I’m not denying that the BBC should do better when reporting on nonsense from MW and their ilk. But let’s think about why the Beeb might fail to properly scrutinize right-wing immigration gibberish in particular. Namely, that it is currently having the squeeze put on it by the Tory party, and the threat of that squeeze  has been on-going for several years. Indeed it arguably started under Labour, when accusations that Blair and Alistair Campbell had “sexed up” the Iraq War dossier landed the Beeb in serious hot water with Number 10, with the temperature turned up by the Mail and News International.

With a ferocious Murdoch clamouring for privatisation, and a Tory party whose MPs and grass-roots broadly believe the BBC is a base-camp of socialist revolution, you can see why the news wing of the BBC might be predisposed to attempt to appease its opponents by sometimes channelling their political agendas, even if only by laziness.

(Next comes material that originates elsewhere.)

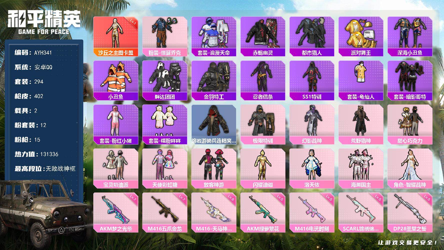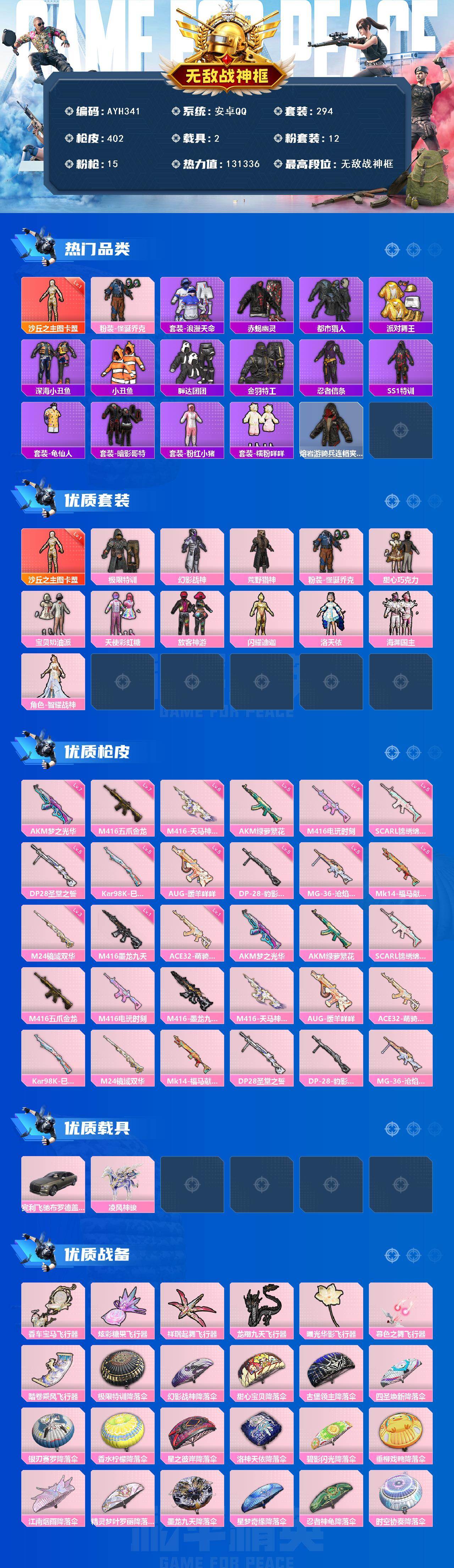 游戏区服:和平精英 / 安卓系统 / QQ账号

Now, I think this is a bad idea. The agenda against the BBC is so deep-running that nothing will ever be good enough to halt it except full-scale demolition. My point is that the real blame lies not only, or simply, with poor journalism and poor editorial oversight, but with the entire situation in which the BBC finds itself.

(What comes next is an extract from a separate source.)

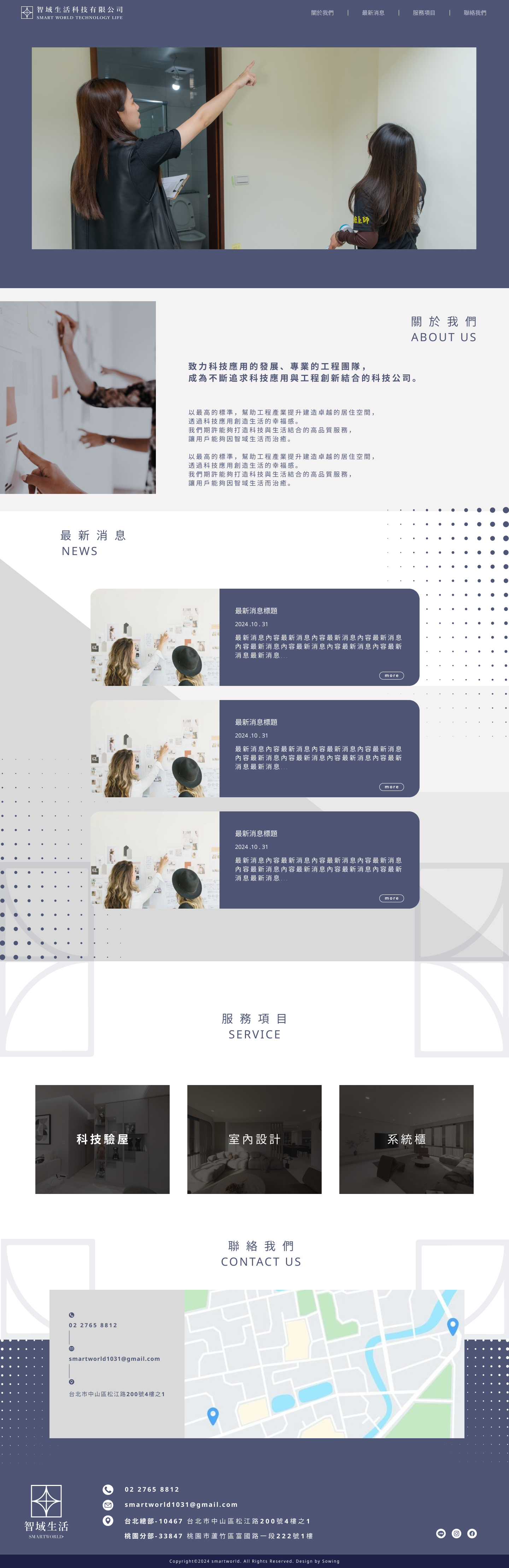 Front pageDesign Cases智域生活科技有限公司官方網站Front pageDesign Cases智域生活科技有限公司官方網站智域生活科技有限公司官方網站Description智域生活科技官方網站,提供科技驗屋、室內設計與系統櫃整合服務,以專業檢測與設計實踐高品質居家生活。TechnologyRWD響應式網頁設計 | Responsive Web Design企業形象科技驗屋生活空間優化居家科技服務造訪網站(另開新視窗)真耶穌教會東北區辦事處

Correspondingly, I find Sunny’s outraged condemnations – “The BBC’s reporting has become a joke”; “you wouldn’t get the BBC report pointing that out either, because they can’t actually be bothered to ask some basic questions.” – frustrating. All the blame is laid at the BBC’s door, and they are correspondingly slammed from the left as well as the right. (I won’t even get into Sunny’s long-running claim that the BBC is a “right wing” media institution, a claim I find to be based on the mirror-image cognitive bias which motivates right-wing criticism that the Beeb is a communist bastion).

I just can’t see this strategy of slamming the Beeb as incompetent being helpful. When institutions – like people – come under attack, they tend to hunker down, take cover and put up the defences. Reform often does not follow, because self-protection takes priority.

Whatever its failings, the BBC is still a far better news and broadcast institution than anything that will replace it should the free-market Murdochites get their way. It would be much better if leftists put their energy into exposing the hypocrisies of other far more scurrilous media outlets, and of the risible “think” tanks like MW (and puppet campaign groups like The Tax Payers’ Alliance) than slamming the BBC, without thinking about why the BBC ends up making the bad calls it sometimes does.